Provided entries:
+--

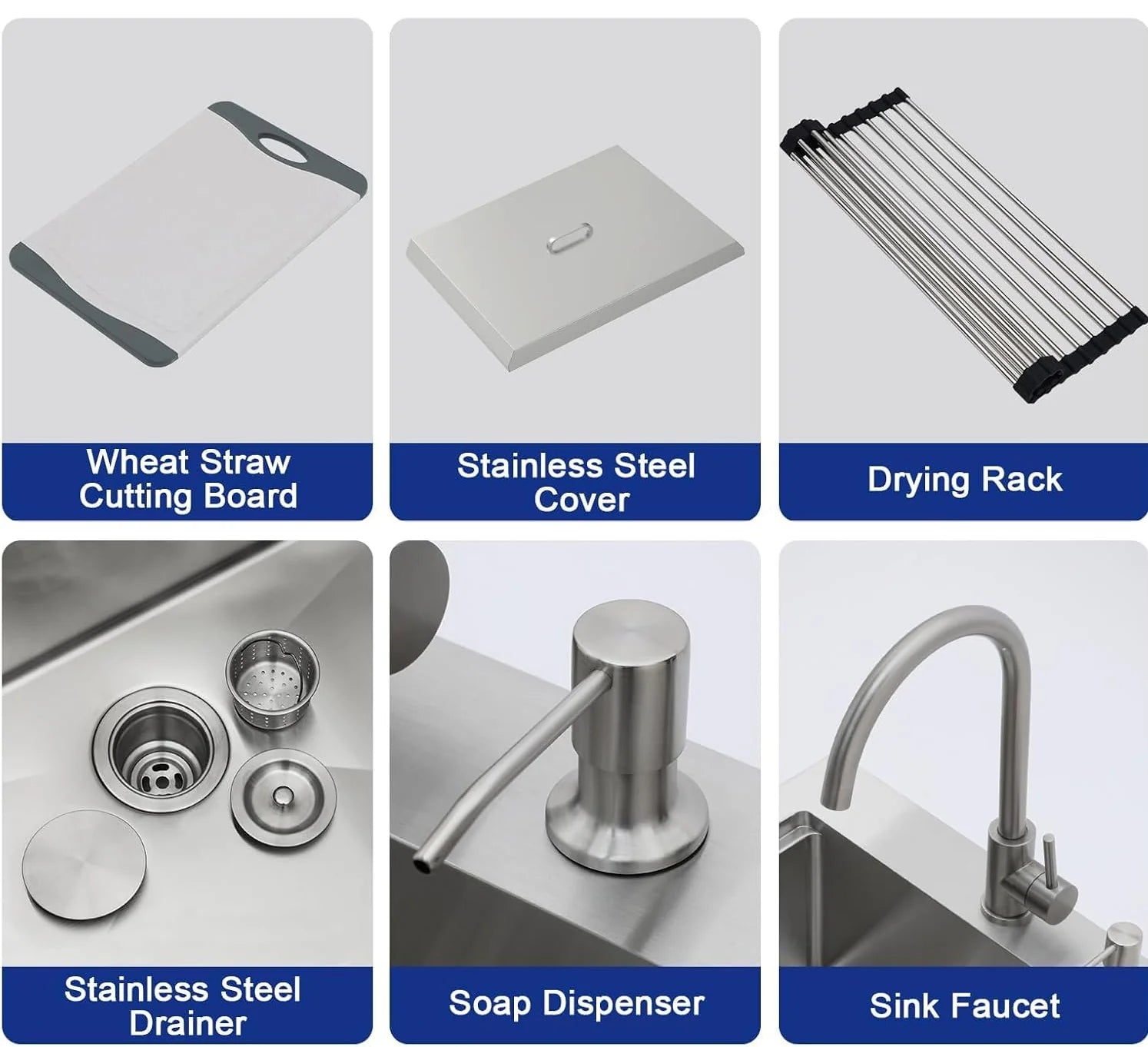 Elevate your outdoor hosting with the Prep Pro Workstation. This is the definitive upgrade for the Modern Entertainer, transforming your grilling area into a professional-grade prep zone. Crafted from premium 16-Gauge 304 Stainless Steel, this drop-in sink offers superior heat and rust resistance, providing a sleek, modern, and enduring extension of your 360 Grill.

+--

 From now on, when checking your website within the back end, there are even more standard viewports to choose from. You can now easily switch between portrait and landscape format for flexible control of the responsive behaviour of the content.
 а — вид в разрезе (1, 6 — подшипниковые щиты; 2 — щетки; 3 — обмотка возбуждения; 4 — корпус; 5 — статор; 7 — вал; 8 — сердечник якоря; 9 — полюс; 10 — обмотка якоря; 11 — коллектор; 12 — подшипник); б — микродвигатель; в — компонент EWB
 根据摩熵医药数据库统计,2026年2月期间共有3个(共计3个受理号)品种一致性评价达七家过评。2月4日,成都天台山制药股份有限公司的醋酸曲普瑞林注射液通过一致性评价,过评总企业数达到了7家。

+--

What is expected: In the material above, find the line containing "From now on, when" and the line containing "根据摩熵医药数据库统计,20", then write out exactly those two lines and every line between them, and nothing more.

Output for this task:
 From now on, when checking your website within the back end, there are even more standard viewports to choose from. You can now easily switch between portrait and landscape format for flexible control of the responsive behaviour of the content.
 а — вид в разрезе (1, 6 — подшипниковые щиты; 2 — щетки; 3 — обмотка возбуждения; 4 — корпус; 5 — статор; 7 — вал; 8 — сердечник якоря; 9 — полюс; 10 — обмотка якоря; 11 — коллектор; 12 — подшипник); б — микродвигатель; в — компонент EWB
 根据摩熵医药数据库统计,2026年2月期间共有3个(共计3个受理号)品种一致性评价达七家过评。2月4日,成都天台山制药股份有限公司的醋酸曲普瑞林注射液通过一致性评价,过评总企业数达到了7家。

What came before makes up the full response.